The second blind spot is the broader regional pattern. De la Espriella’s victory is not an isolated Colombian phenomenon. It is the latest iteration of a rightward tide that has swept Javier Milei to the presidency of Argentina — where his shock-therapy economics are producing their first tangible results in falling inflation — strengthened José Antonio Kast in Chile, brought Nayib Bukele an unprecedented second term in El Salvador on a security platform, and enabled right-of-centre coalitions to consolidate in several smaller Central American states. This wave is not primarily about Trump’s endorsements, which in most cases followed rather than created the political momentum. It reflects a genuine and broadly distributed frustration with the institutional left’s inability to deliver on security, economic stability, and institutional credibility. Latin America’s left governed extensively in the 2000s and 2010s, and in country after country — Venezuela catastrophically, Brazil problematically, Colombia chaotically — the governing left is associated with corruption, populist spending, and an unwillingness to confront organised crime directly.

De la Espriella’s background presents legitimate questions that should be pressed in office rather than used as a reason to reject an electoral result. His legal clients were his clients in private life, before he ran for president; they do not, in themselves, demonstrate he is corrupt, any more than a defence lawyer’s clients define the lawyer’s values. More pertinent is whether he has the institutional knowledge to govern a country whose civil service, judicial system, and military are complex, partly captured, and historically resistant to rapid change from above. His pledge to scrape peace negotiations with armed groups and pursue a military crackdown will encounter the same operational limitations that have constrained every Colombian government that has tried pure hard-power approaches — the country’s geography and the scale of its illicit economy impose constraints that mega-prisons and tough rhetoric alone cannot overcome.

But the alternative — a second consecutive term of Petro’s approach under Cepeda — offered no solution to those constraints either.
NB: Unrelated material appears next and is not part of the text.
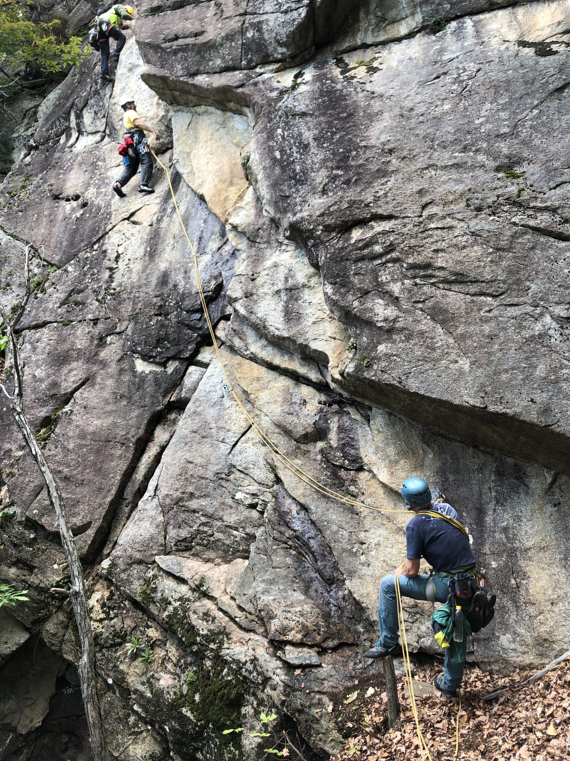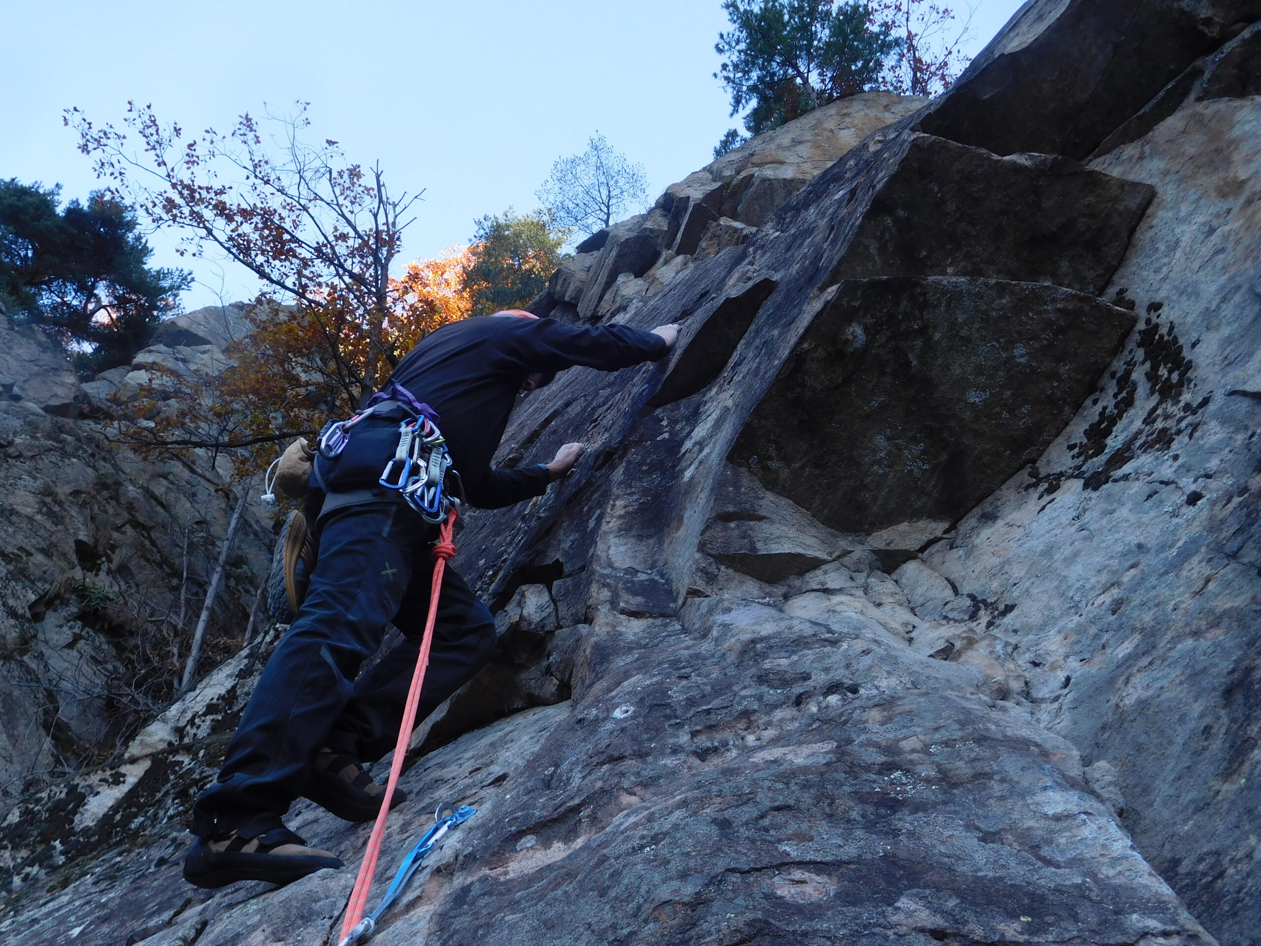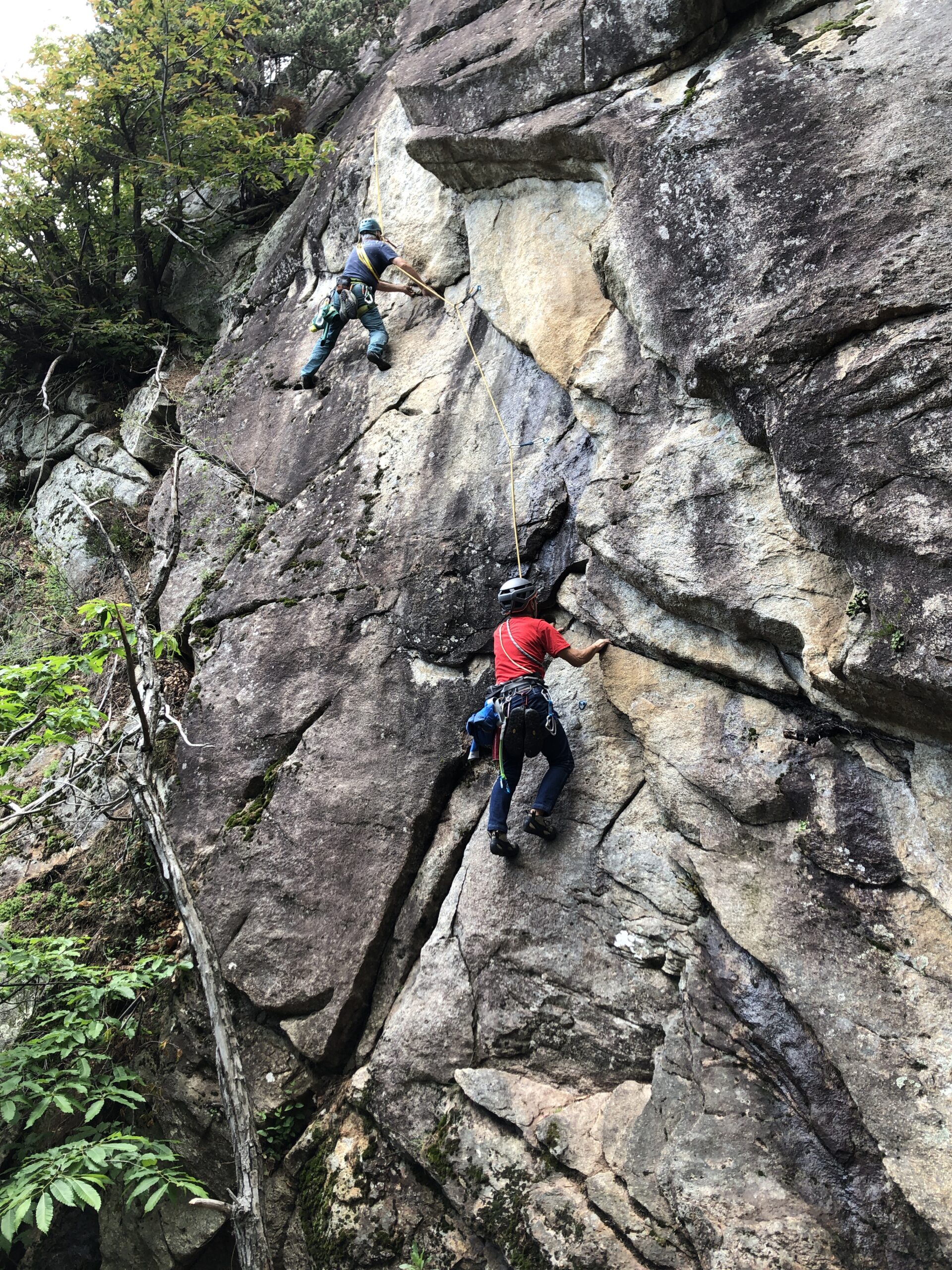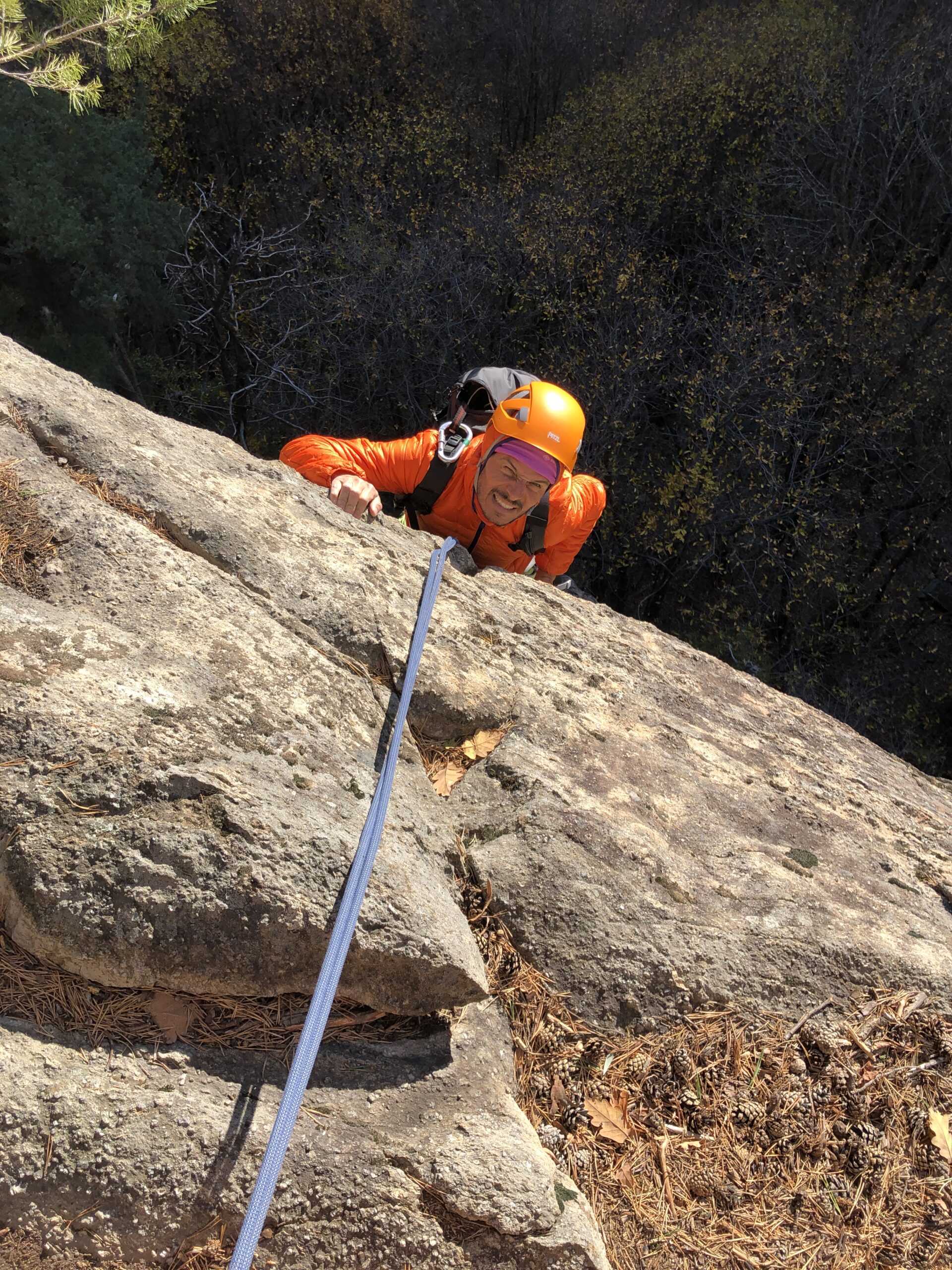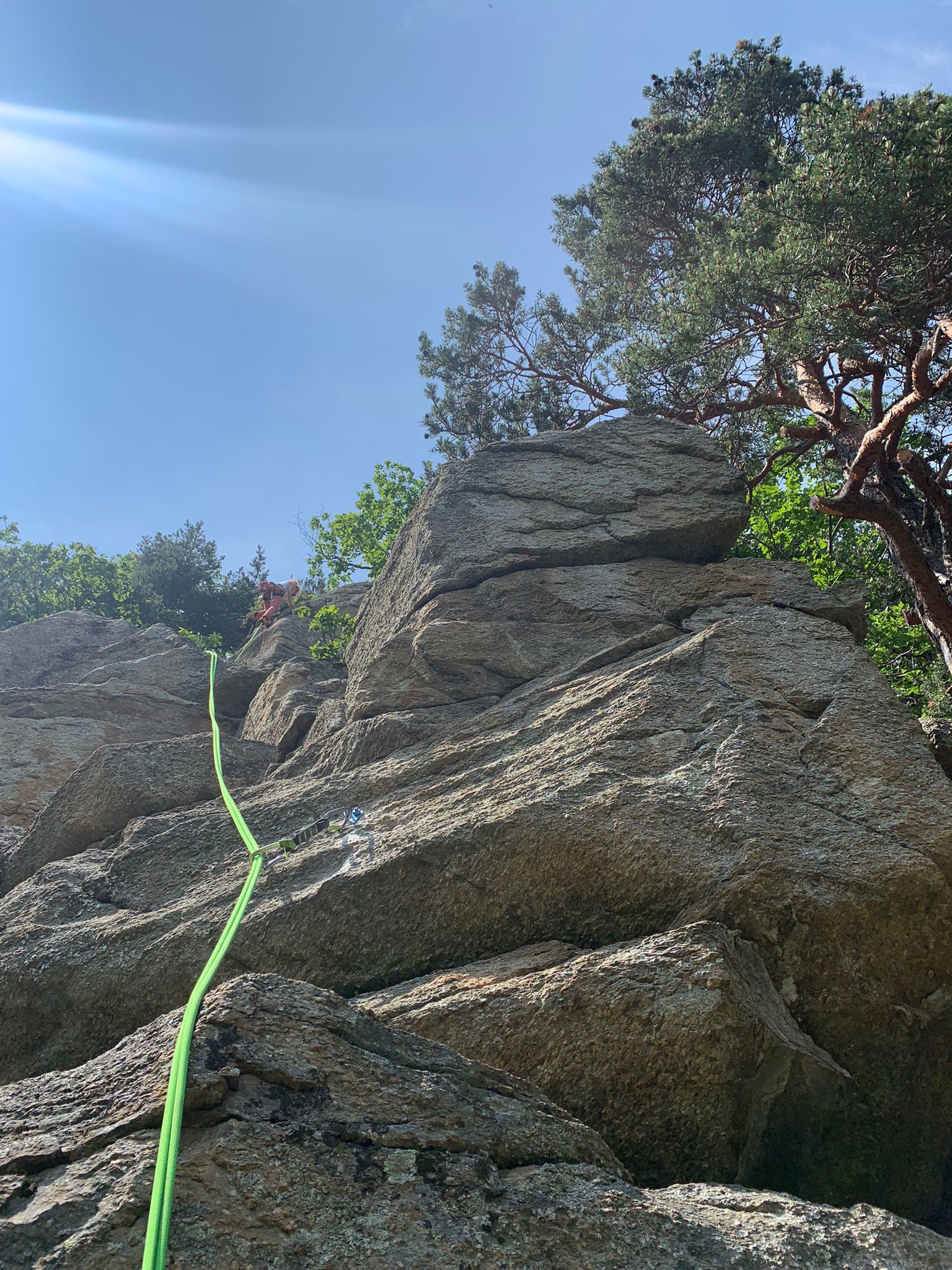 - L2: superare una placca sulla sx della sosta, quindi salire uno spigolino, un risalto più ripido (passo di 6a+) e quindi un muro arancione a grosse prese; 5b

Colombia’s voters made a choice between two imperfect options and chose the one that did not come with four more years of the same trajectory. That choice deserves respect, even from those who would have preferred a different outcome.

What to watch

Watch whether Petro’s fraud allegations — currently unsupported by evidence — translate into a formal legal challenge that delays the transfer of power and creates a constitutional crisis. Watch how de la Espriella constructs his Cabinet: a government of competent technocrats would partially offset concerns about his inexperience, while a government dominated by political allies and personal loyalists would validate them. Watch the armed groups’ immediate response — they will test de la Espriella’s resolve early, and his administration’s handling of the first major security incident will set the tone for his entire term. And watch whether the US-Colombia relationship, strained under Petro over migration and tariffs, actually delivers the “total support and strength” Trump promised — or whether, as with many Trump endorsements, it proves more rhetorical than substantive.